Stored dataset items:
○ ○ ○
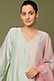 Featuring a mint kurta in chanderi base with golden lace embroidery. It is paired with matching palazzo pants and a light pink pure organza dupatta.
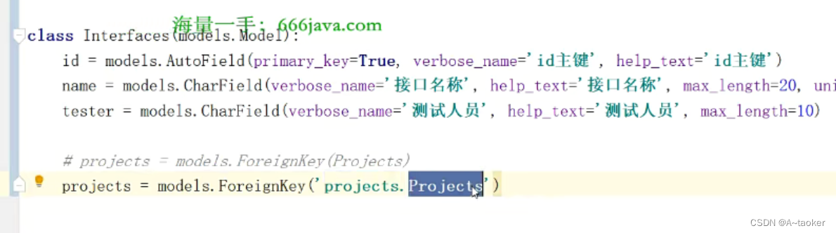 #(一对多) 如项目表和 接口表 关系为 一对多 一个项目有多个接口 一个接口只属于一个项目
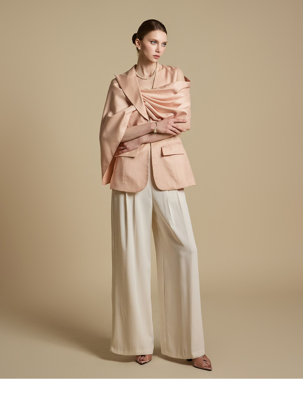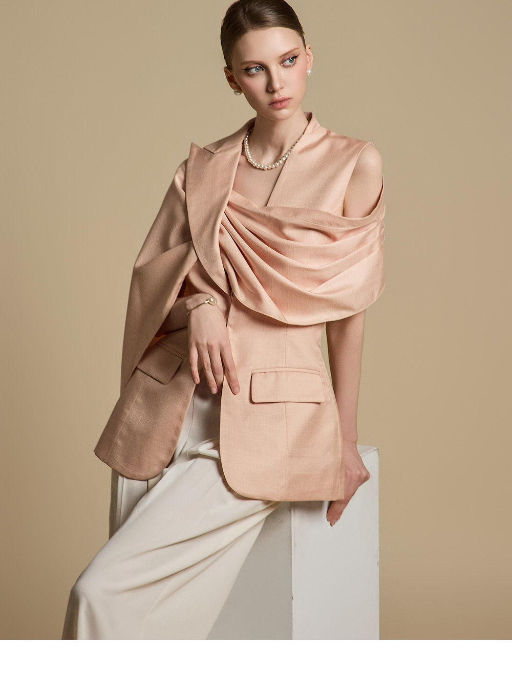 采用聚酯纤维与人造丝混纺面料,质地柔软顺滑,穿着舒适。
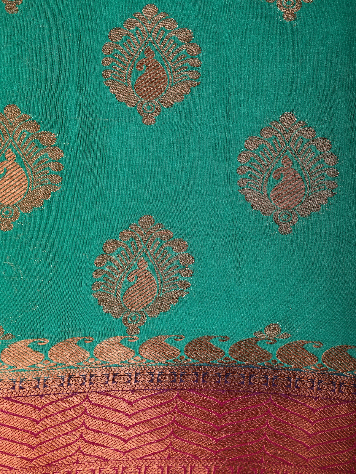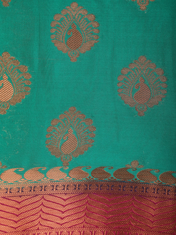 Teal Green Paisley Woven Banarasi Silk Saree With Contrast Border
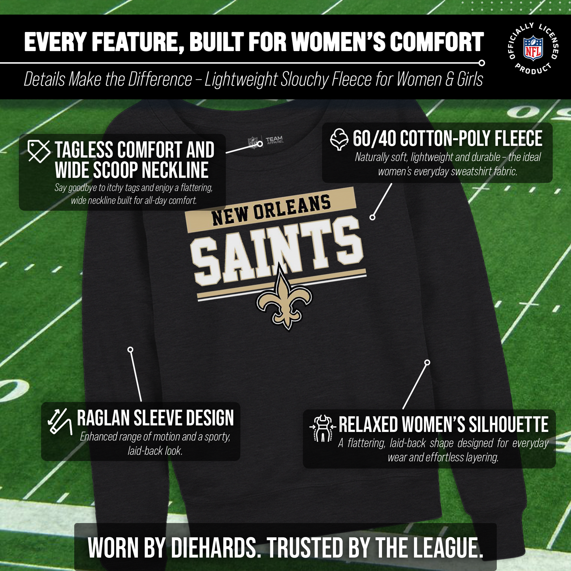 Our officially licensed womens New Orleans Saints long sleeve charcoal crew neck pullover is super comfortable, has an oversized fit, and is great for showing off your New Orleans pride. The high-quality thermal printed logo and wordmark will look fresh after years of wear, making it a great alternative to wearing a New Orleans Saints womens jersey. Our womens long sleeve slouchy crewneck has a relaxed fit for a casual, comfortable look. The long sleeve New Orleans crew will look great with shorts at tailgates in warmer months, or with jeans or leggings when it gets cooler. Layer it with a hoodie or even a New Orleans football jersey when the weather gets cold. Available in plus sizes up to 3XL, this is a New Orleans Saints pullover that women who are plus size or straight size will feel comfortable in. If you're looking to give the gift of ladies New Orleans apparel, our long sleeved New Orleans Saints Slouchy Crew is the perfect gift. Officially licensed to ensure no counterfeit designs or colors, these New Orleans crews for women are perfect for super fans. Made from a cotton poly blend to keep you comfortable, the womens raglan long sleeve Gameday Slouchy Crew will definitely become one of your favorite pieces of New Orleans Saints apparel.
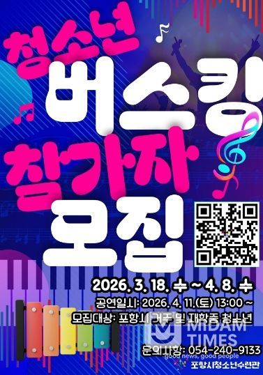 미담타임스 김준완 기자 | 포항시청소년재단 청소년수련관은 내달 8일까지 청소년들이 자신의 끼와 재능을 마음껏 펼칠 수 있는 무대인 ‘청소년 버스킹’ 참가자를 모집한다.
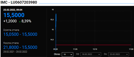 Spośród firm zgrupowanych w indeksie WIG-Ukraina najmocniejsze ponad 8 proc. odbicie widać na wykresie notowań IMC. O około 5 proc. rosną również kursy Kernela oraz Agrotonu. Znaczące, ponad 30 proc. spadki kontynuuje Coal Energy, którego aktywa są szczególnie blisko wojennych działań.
○ ○ ○
**TASK STATEMENT**
Exact repeat, pictures omitted: give every line from the top of the records down to and including the line with "Teal Green Paisley".

**WRITTEN ANSWER**
 Featuring a mint kurta in chanderi base with golden lace embroidery. It is paired with matching palazzo pants and a light pink pure organza dupatta.
 #(一对多) 如项目表和 接口表 关系为 一对多 一个项目有多个接口 一个接口只属于一个项目
 采用聚酯纤维与人造丝混纺面料,质地柔软顺滑,穿着舒适。
 Teal Green Paisley Woven Banarasi Silk Saree With Contrast Border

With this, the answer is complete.